__Task instructions__
Emit a verbatim copy of the lines below from the line with "فرش دستبافت ابعاد۱۳۰در" through the line with "Отдел экспортного контроля", excluding pictures and everything outside that range.

__Data in this exercise__
^^^^^^^^
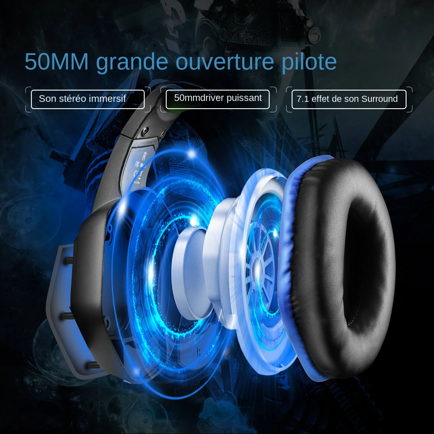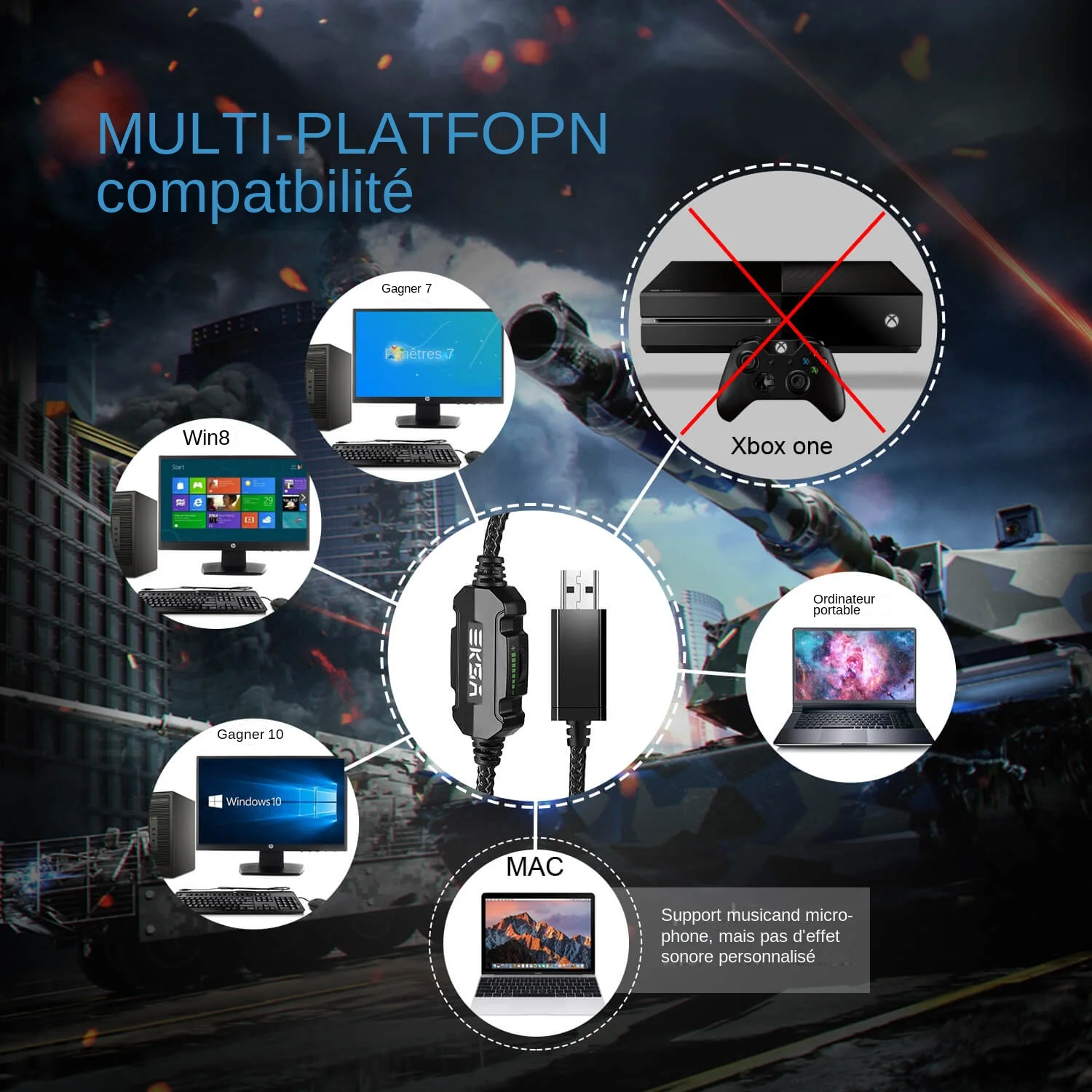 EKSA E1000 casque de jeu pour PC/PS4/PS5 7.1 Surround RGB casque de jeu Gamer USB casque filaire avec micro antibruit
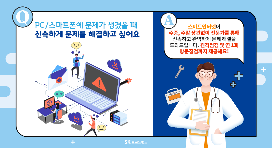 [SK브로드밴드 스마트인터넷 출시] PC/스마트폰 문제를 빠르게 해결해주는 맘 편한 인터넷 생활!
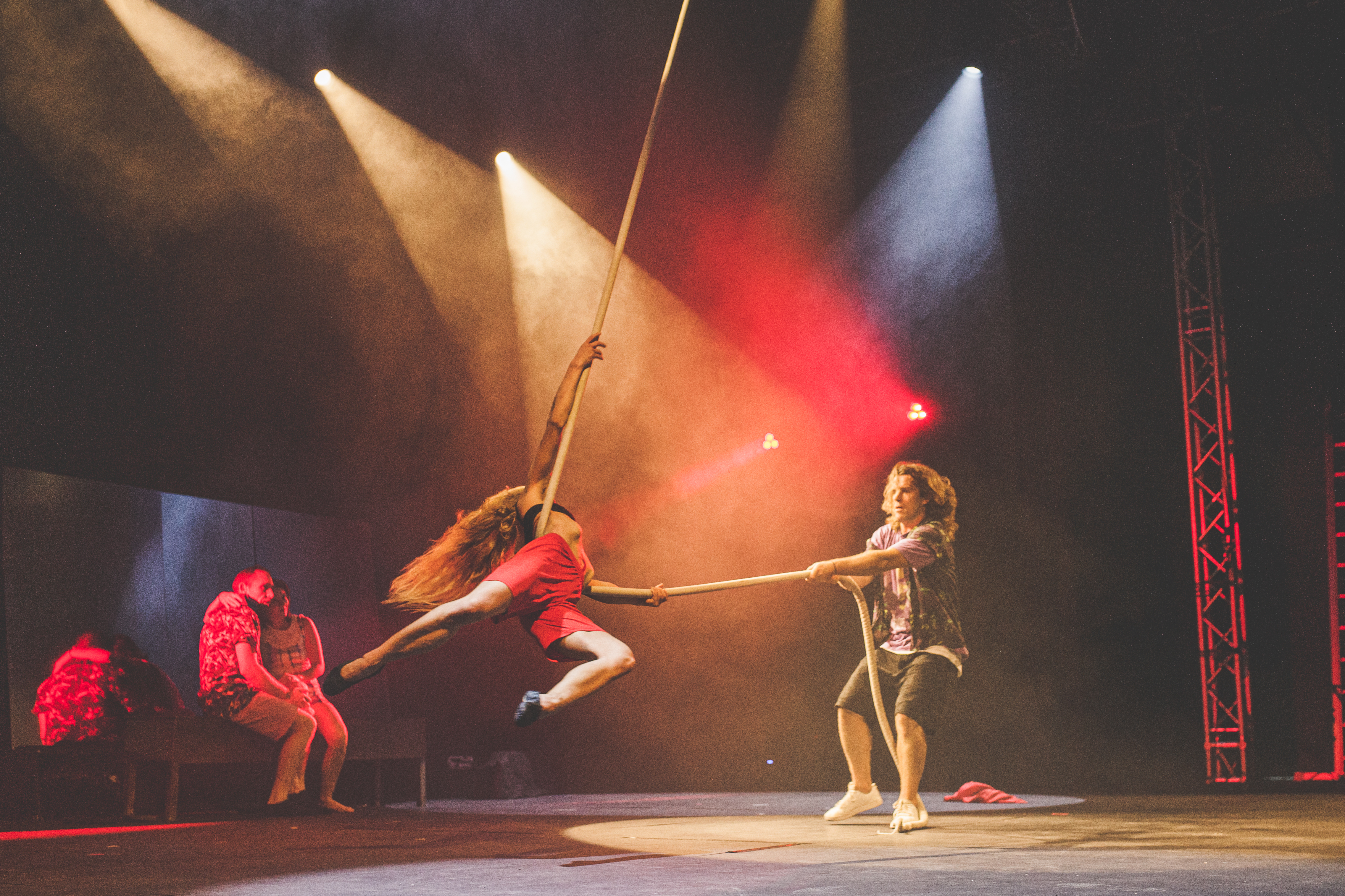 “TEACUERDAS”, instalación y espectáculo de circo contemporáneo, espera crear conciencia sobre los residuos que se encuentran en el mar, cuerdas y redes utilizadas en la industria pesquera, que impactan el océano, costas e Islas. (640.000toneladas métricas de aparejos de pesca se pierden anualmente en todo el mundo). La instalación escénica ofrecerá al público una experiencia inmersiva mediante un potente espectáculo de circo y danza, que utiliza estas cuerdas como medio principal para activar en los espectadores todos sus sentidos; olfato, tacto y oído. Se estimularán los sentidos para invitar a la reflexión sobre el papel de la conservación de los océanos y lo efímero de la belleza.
^^^^^^^^
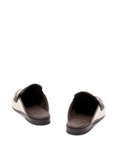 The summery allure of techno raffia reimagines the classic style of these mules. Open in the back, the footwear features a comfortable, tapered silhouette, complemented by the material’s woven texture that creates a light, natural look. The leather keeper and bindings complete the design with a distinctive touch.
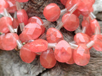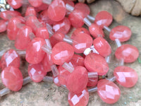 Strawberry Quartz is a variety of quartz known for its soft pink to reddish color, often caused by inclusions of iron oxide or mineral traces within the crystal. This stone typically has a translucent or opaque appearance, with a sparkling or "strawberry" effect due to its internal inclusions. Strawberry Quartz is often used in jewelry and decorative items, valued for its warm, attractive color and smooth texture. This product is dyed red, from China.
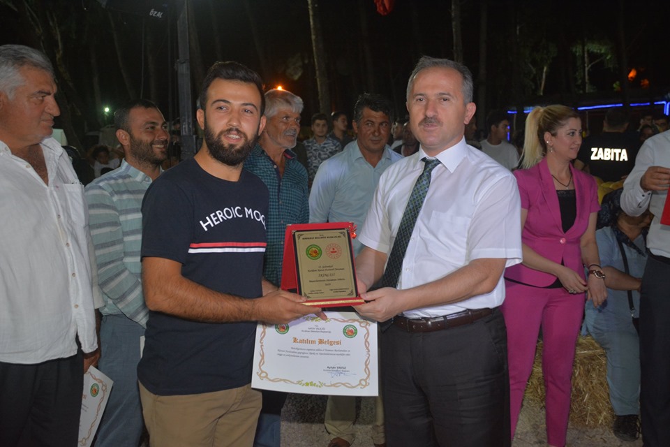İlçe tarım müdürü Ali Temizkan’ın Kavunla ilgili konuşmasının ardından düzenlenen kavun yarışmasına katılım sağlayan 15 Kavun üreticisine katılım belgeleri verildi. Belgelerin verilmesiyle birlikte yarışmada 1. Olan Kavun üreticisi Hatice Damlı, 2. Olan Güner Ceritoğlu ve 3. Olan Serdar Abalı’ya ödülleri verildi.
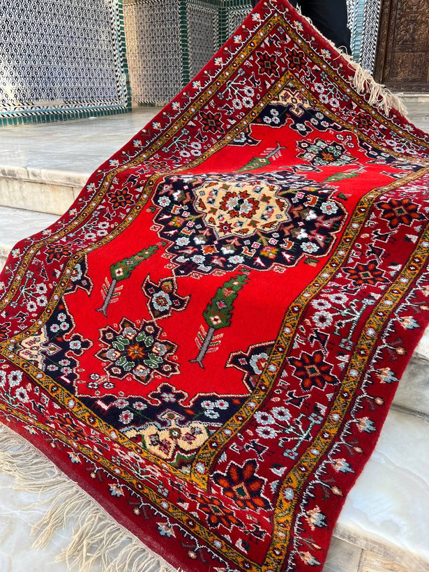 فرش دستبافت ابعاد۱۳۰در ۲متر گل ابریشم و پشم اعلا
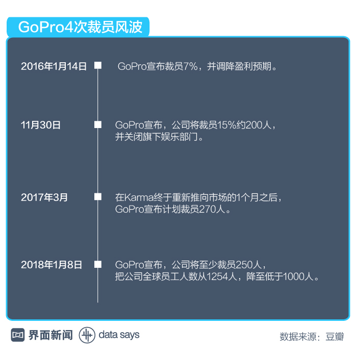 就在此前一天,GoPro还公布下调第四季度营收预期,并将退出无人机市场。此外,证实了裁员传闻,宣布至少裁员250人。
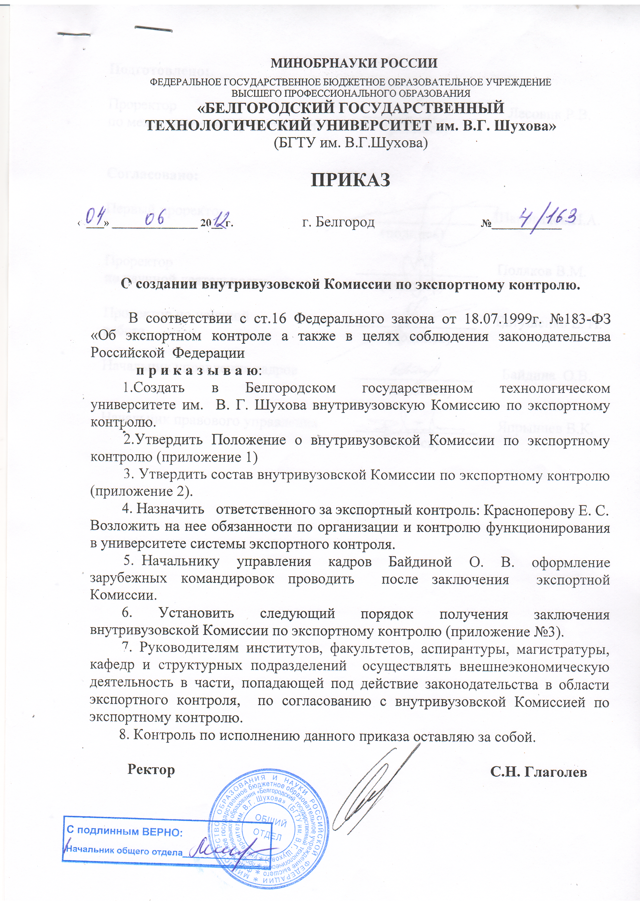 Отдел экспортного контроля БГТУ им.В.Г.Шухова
^^^^^^^^
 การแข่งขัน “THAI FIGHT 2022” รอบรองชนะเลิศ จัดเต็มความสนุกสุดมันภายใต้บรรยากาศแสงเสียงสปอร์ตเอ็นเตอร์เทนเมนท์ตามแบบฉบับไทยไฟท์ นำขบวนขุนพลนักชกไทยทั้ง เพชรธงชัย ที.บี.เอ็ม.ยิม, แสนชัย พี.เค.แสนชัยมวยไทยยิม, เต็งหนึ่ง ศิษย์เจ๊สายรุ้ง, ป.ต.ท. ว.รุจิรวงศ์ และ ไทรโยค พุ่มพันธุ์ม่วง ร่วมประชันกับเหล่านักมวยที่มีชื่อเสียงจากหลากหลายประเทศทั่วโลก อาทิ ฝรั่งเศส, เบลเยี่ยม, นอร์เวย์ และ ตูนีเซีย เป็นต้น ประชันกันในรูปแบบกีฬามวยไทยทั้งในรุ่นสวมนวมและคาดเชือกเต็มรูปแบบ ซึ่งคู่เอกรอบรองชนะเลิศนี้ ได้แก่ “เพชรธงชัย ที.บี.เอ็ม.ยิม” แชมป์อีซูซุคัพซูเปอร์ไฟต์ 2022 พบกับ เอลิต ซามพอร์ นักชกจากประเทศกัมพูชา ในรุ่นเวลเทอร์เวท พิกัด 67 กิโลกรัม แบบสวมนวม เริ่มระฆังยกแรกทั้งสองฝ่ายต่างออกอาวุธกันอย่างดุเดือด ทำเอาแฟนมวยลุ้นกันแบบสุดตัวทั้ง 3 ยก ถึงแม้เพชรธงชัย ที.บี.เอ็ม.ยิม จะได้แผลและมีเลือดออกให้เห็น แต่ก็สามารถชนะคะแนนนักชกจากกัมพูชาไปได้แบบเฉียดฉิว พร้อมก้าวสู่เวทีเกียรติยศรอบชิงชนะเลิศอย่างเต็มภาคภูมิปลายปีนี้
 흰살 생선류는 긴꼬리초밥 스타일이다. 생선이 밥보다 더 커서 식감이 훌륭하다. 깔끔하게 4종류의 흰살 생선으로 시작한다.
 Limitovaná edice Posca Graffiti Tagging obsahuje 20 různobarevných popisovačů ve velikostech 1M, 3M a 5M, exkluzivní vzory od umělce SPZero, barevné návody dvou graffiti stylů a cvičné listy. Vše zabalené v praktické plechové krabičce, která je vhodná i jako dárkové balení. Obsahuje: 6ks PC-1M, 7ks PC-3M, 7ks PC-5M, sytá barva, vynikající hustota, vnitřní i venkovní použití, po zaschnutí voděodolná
^^^^^^^^
__Answer for the task__
 فرش دستبافت ابعاد۱۳۰در ۲متر گل ابریشم و پشم اعلا
 就在此前一天,GoPro还公布下调第四季度营收预期,并将退出无人机市场。此外,证实了裁员传闻,宣布至少裁员250人。
 Отдел экспортного контроля БГТУ им.В.Г.Шухова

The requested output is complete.